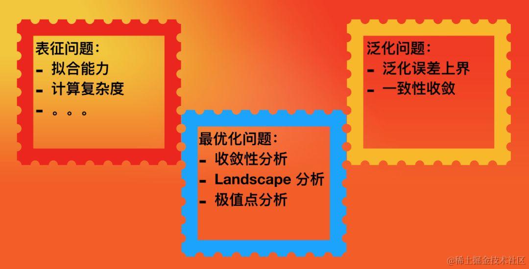 有了表征能力,那也只是具备了拟合潜力,深度学习还需要找到一组足够好的极值点,这就是模型的最优解。不同神经网络的「最优化 Landscape」是什么样的、怎样才能找到这种高维复杂函数的优秀极值点、极值点的各种属性都需要完善的理论支持。
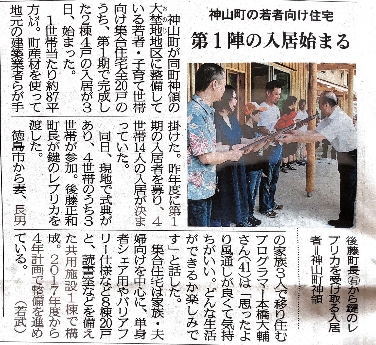 私事なんですがこのたび神山町に引っ越しをしまして、大埜地集合住宅という町営住宅に入居することができました。神山町の木材を使って、神山町の職人が建てるというプロジェクトで、その第一期となります。
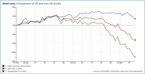 Indeed, we’ve seen the dollar fall by 5.37% against the Euro and 3.37% against the pound since the start of 2025 (Source: FE Analytics to 11 March 2025).
================================
**Your instructions:** Set the whole listing down again unchanged, apart from the pictures, which are omitted.

**Solution:**
 有了表征能力,那也只是具备了拟合潜力,深度学习还需要找到一组足够好的极值点,这就是模型的最优解。不同神经网络的「最优化 Landscape」是什么样的、怎样才能找到这种高维复杂函数的优秀极值点、极值点的各种属性都需要完善的理论支持。
 私事なんですがこのたび神山町に引っ越しをしまして、大埜地集合住宅という町営住宅に入居することができました。神山町の木材を使って、神山町の職人が建てるというプロジェクトで、その第一期となります。
 Indeed, we’ve seen the dollar fall by 5.37% against the Euro and 3.37% against the pound since the start of 2025 (Source: FE Analytics to 11 March 2025).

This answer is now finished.